# INFORMATION SUPPLIED

=== Begin Enclosure ===

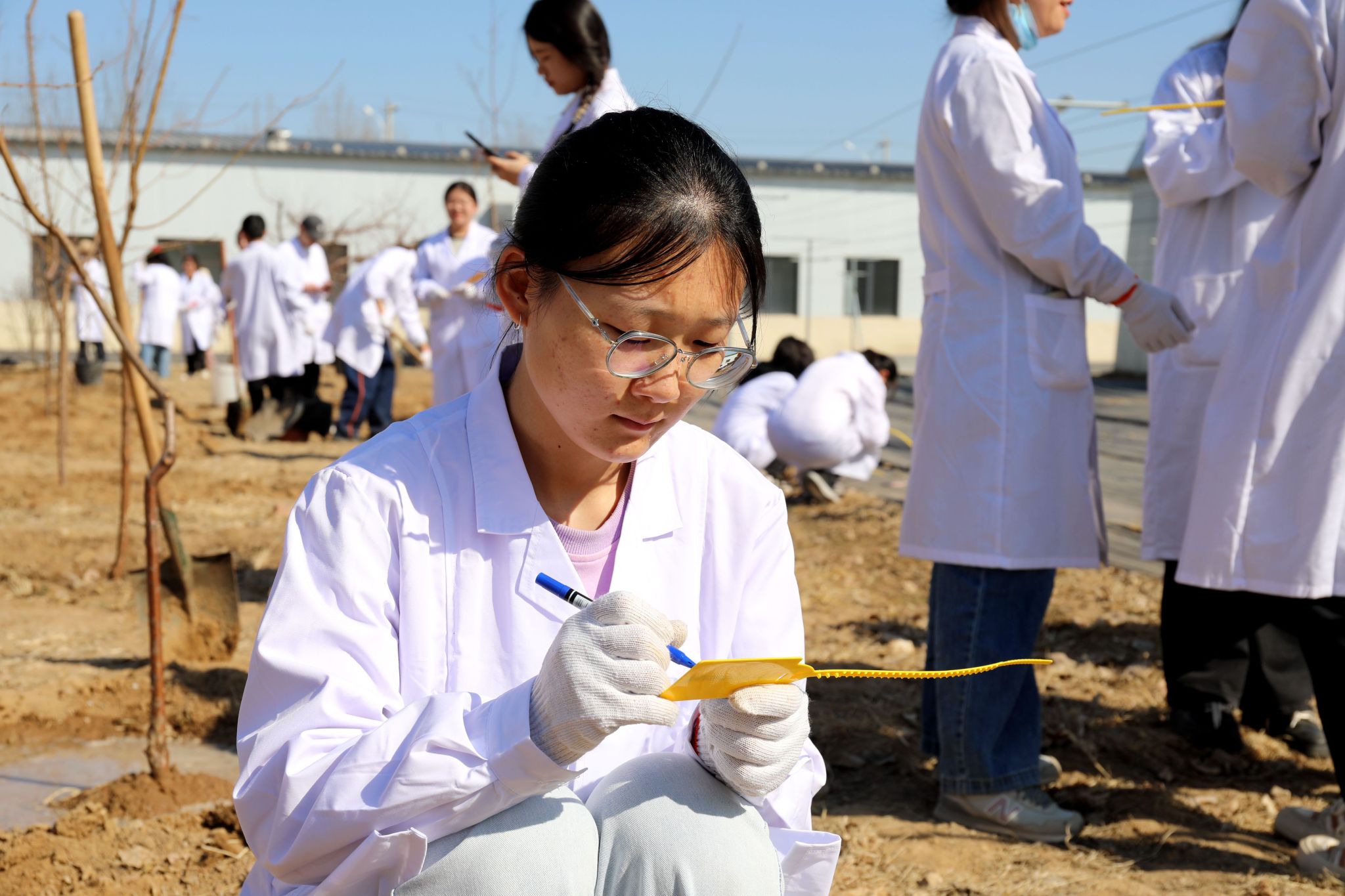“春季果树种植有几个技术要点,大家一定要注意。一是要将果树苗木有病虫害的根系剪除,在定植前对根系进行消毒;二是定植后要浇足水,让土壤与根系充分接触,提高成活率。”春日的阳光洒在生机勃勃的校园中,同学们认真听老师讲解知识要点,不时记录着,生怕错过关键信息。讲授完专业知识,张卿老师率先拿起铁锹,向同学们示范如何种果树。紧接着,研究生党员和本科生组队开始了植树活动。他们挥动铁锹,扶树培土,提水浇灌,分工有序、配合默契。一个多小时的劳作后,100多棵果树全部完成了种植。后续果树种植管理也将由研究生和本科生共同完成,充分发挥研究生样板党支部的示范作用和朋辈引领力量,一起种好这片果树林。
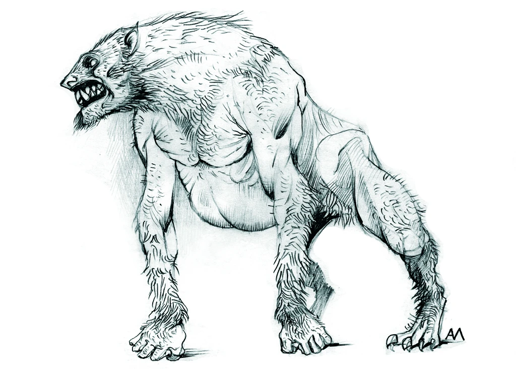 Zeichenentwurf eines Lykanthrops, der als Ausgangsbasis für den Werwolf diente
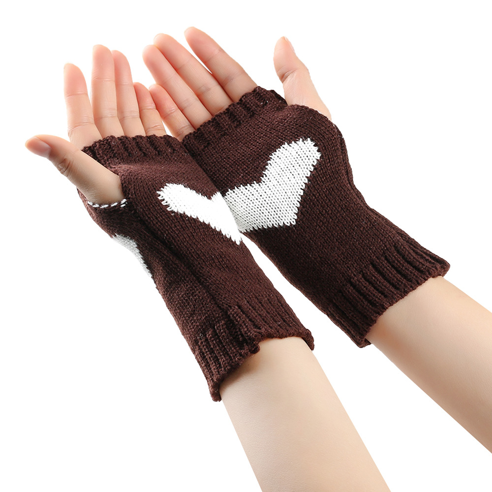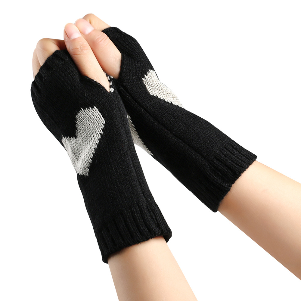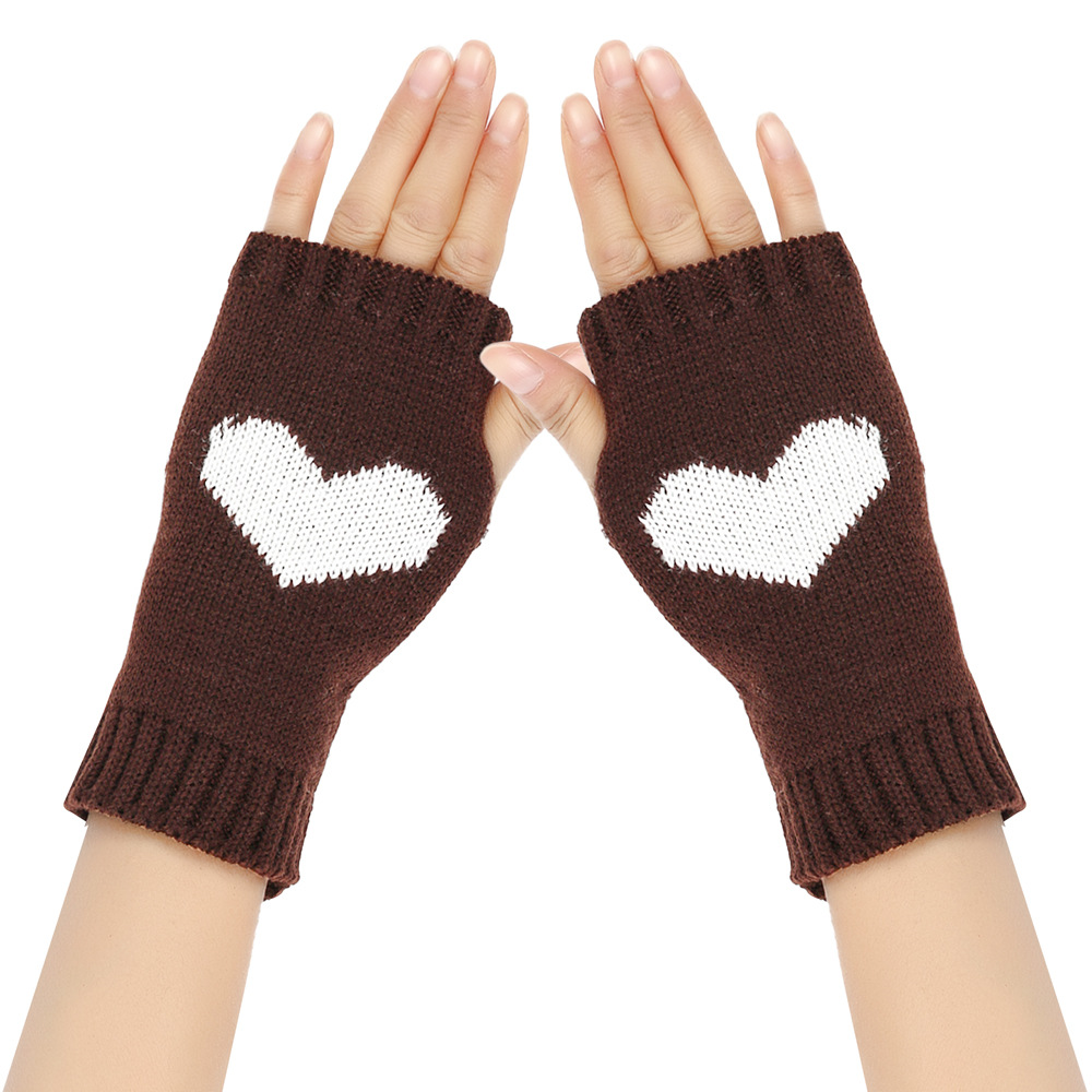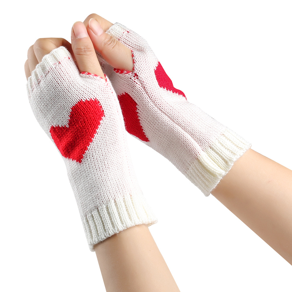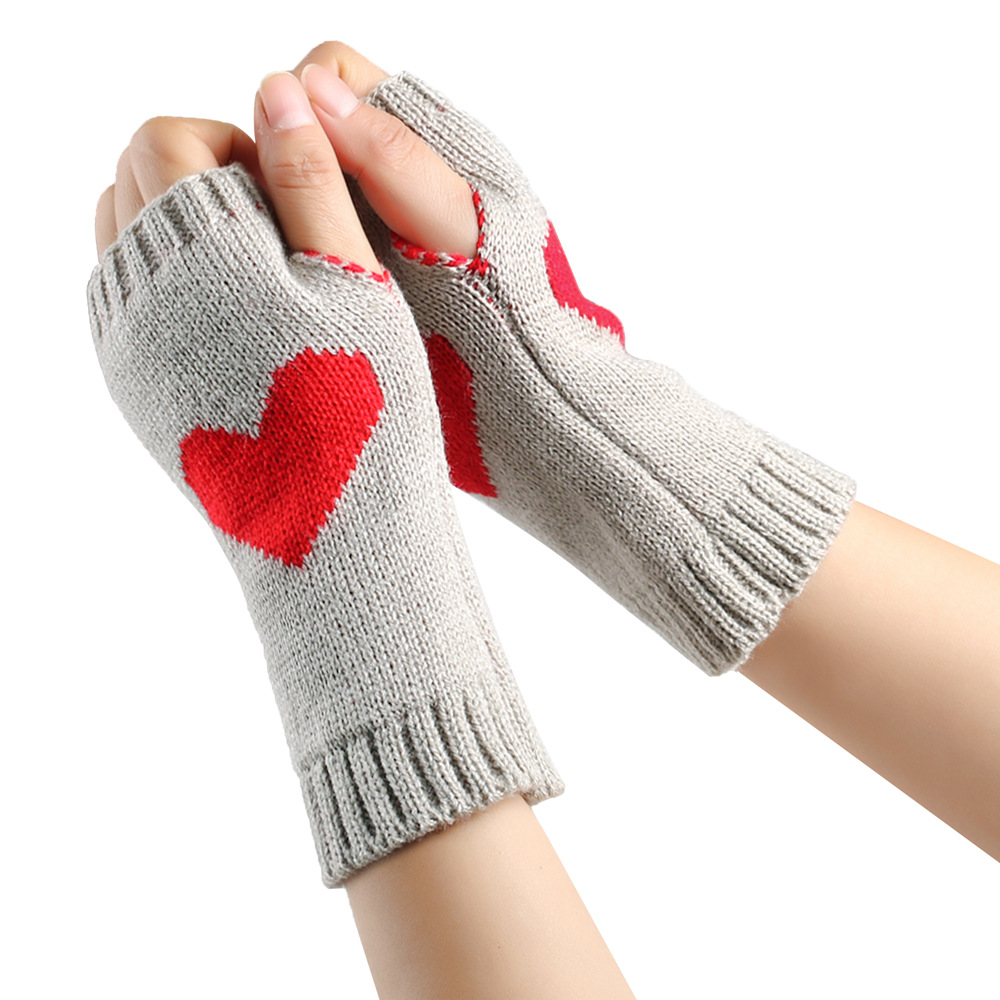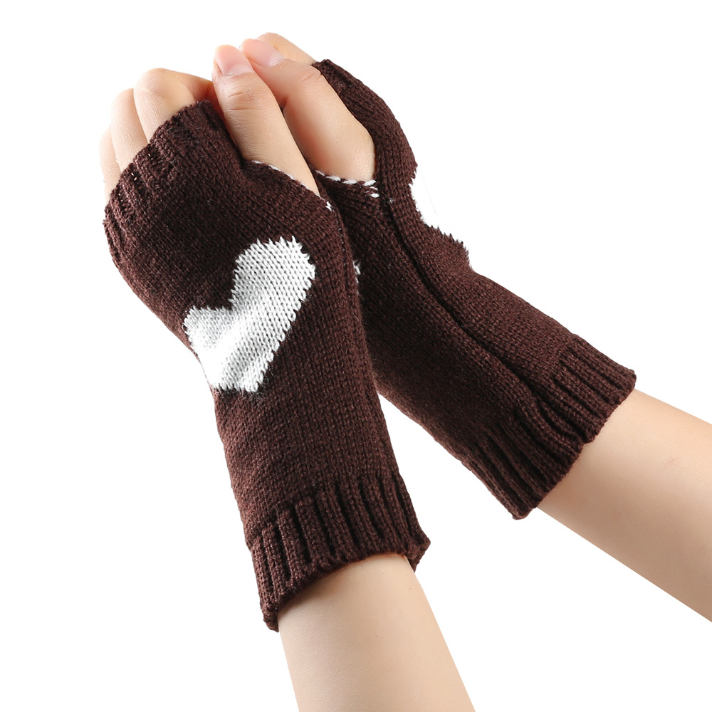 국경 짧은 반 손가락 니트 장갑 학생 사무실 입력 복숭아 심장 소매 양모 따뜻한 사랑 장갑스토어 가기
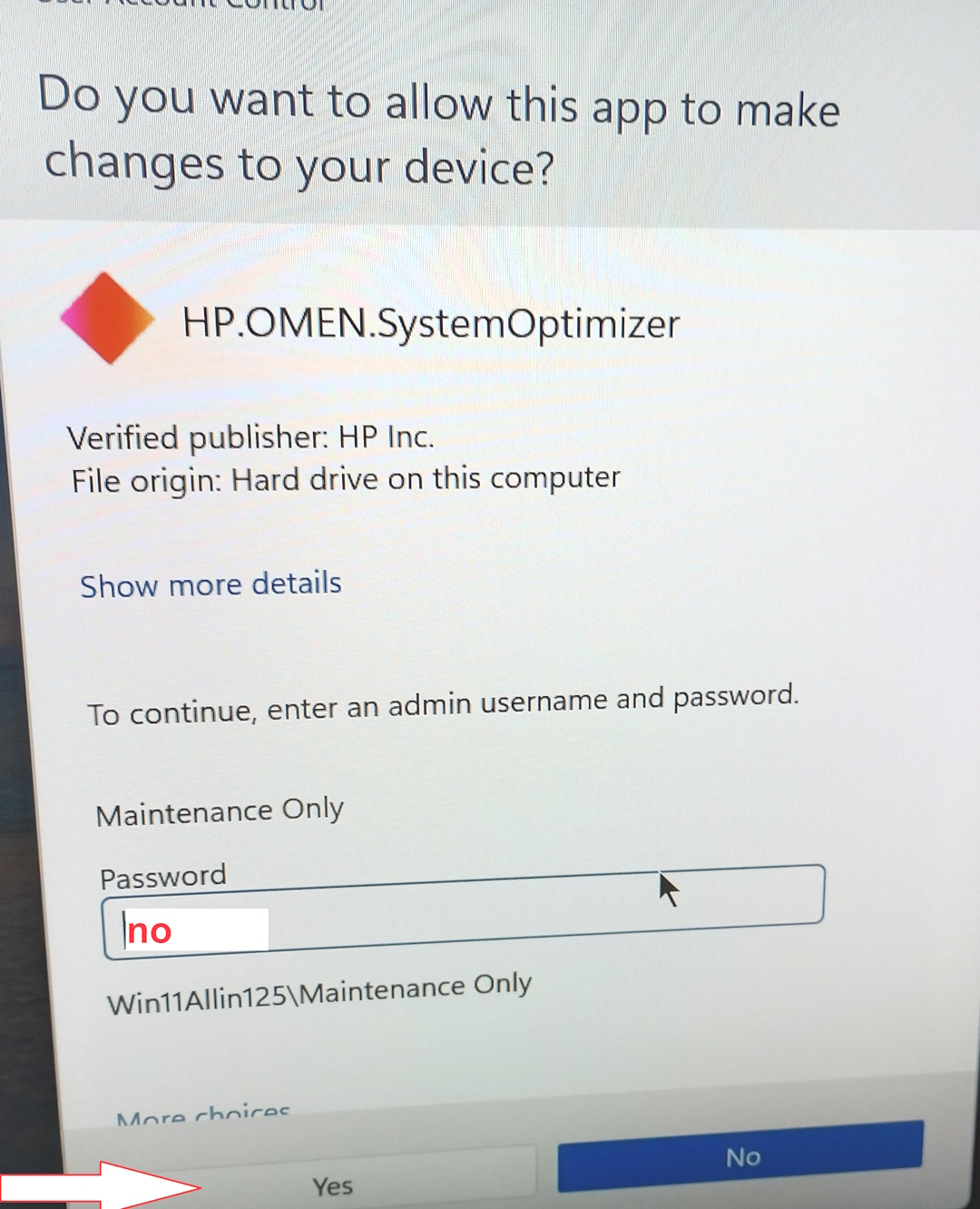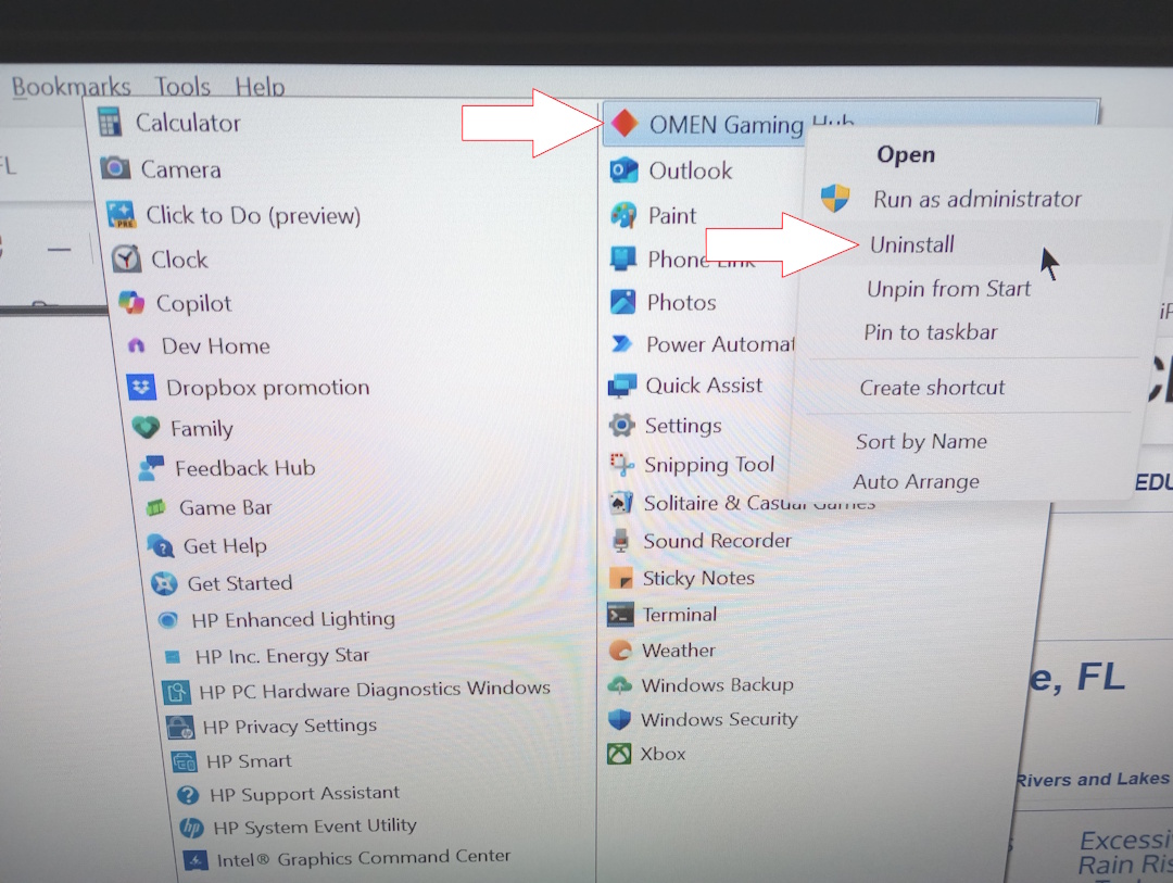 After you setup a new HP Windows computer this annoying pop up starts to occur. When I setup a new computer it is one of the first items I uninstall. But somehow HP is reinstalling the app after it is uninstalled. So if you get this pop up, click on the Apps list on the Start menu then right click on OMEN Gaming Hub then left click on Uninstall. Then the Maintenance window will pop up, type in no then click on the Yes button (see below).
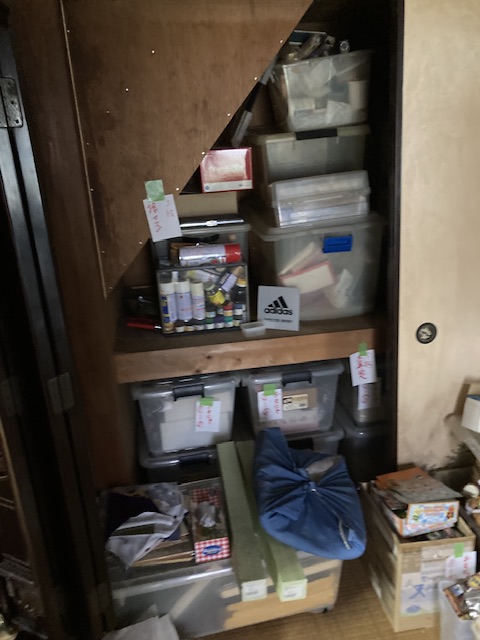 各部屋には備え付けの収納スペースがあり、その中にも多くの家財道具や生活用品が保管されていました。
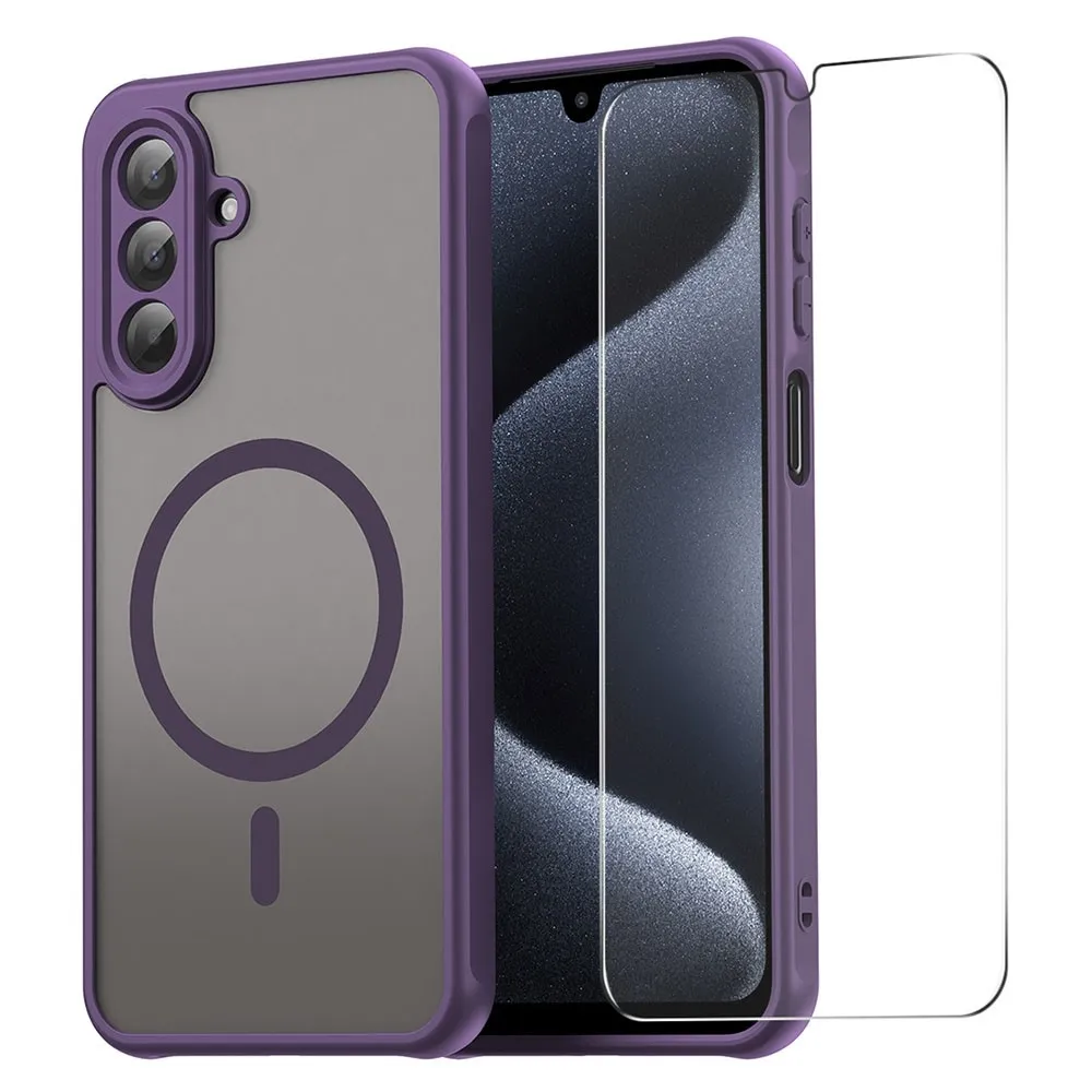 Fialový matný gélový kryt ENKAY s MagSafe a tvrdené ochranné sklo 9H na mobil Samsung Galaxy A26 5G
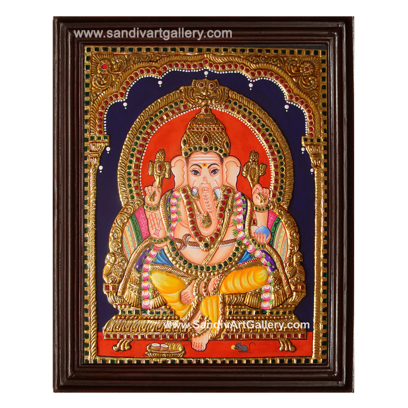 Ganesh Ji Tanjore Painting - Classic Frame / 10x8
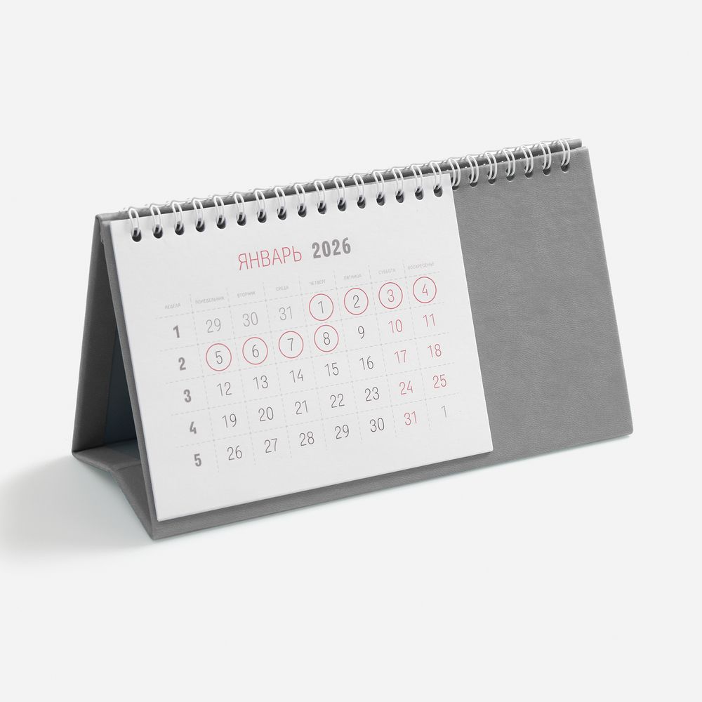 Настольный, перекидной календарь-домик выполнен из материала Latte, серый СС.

=== End Enclosure ===

# WORK TASK
Return each line of the data, keeping its wording exact and omitting pictures.

# YOUR RESPONSE
“春季果树种植有几个技术要点,大家一定要注意。一是要将果树苗木有病虫害的根系剪除,在定植前对根系进行消毒;二是定植后要浇足水,让土壤与根系充分接触,提高成活率。”春日的阳光洒在生机勃勃的校园中,同学们认真听老师讲解知识要点,不时记录着,生怕错过关键信息。讲授完专业知识,张卿老师率先拿起铁锹,向同学们示范如何种果树。紧接着,研究生党员和本科生组队开始了植树活动。他们挥动铁锹,扶树培土,提水浇灌,分工有序、配合默契。一个多小时的劳作后,100多棵果树全部完成了种植。后续果树种植管理也将由研究生和本科生共同完成,充分发挥研究生样板党支部的示范作用和朋辈引领力量,一起种好这片果树林。
 Zeichenentwurf eines Lykanthrops, der als Ausgangsbasis für den Werwolf diente
 국경 짧은 반 손가락 니트 장갑 학생 사무실 입력 복숭아 심장 소매 양모 따뜻한 사랑 장갑스토어 가기
 After you setup a new HP Windows computer this annoying pop up starts to occur. When I setup a new computer it is one of the first items I uninstall. But somehow HP is reinstalling the app after it is uninstalled. So if you get this pop up, click on the Apps list on the Start menu then right click on OMEN Gaming Hub then left click on Uninstall. Then the Maintenance window will pop up, type in no then click on the Yes button (see below).
 各部屋には備え付けの収納スペースがあり、その中にも多くの家財道具や生活用品が保管されていました。
 Fialový matný gélový kryt ENKAY s MagSafe a tvrdené ochranné sklo 9H na mobil Samsung Galaxy A26 5G
 Ganesh Ji Tanjore Painting - Classic Frame / 10x8
 Настольный, перекидной календарь-домик выполнен из материала Latte, серый СС.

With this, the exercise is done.